- ABOUT THIS TASK
Return only the stretch of the material below that begins with the line containing "Požiarnik v utorok" and ends with the line containing "Die Wohnbauselbsthilfe zelebrierte", exactly; both of those lines belong to it.

- RECORDS SUPPLIED
<<<<
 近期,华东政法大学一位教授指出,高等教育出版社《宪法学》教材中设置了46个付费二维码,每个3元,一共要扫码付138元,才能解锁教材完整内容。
>>>>
<<<<
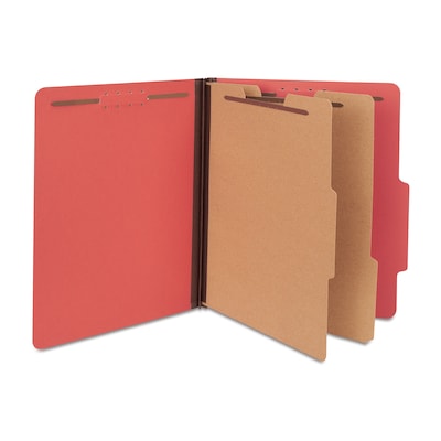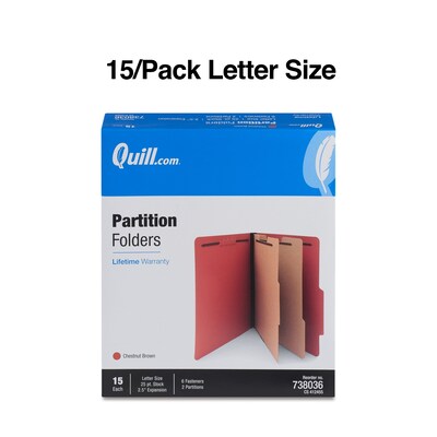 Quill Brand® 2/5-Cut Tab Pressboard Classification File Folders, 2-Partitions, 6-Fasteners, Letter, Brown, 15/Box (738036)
>>>>
<<<<
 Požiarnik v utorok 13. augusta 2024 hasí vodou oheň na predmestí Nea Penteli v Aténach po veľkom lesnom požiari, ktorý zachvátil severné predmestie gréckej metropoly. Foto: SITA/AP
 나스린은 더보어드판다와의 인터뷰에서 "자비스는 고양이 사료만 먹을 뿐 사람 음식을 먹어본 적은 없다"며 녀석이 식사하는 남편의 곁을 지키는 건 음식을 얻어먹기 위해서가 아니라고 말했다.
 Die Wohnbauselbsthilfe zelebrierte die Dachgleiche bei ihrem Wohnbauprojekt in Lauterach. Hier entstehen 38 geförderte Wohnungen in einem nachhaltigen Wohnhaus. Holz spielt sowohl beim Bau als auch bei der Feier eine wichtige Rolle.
>>>>
- THE COMPLETED TASK
 Požiarnik v utorok 13. augusta 2024 hasí vodou oheň na predmestí Nea Penteli v Aténach po veľkom lesnom požiari, ktorý zachvátil severné predmestie gréckej metropoly. Foto: SITA/AP
 나스린은 더보어드판다와의 인터뷰에서 "자비스는 고양이 사료만 먹을 뿐 사람 음식을 먹어본 적은 없다"며 녀석이 식사하는 남편의 곁을 지키는 건 음식을 얻어먹기 위해서가 아니라고 말했다.
 Die Wohnbauselbsthilfe zelebrierte die Dachgleiche bei ihrem Wohnbauprojekt in Lauterach. Hier entstehen 38 geförderte Wohnungen in einem nachhaltigen Wohnhaus. Holz spielt sowohl beim Bau als auch bei der Feier eine wichtige Rolle.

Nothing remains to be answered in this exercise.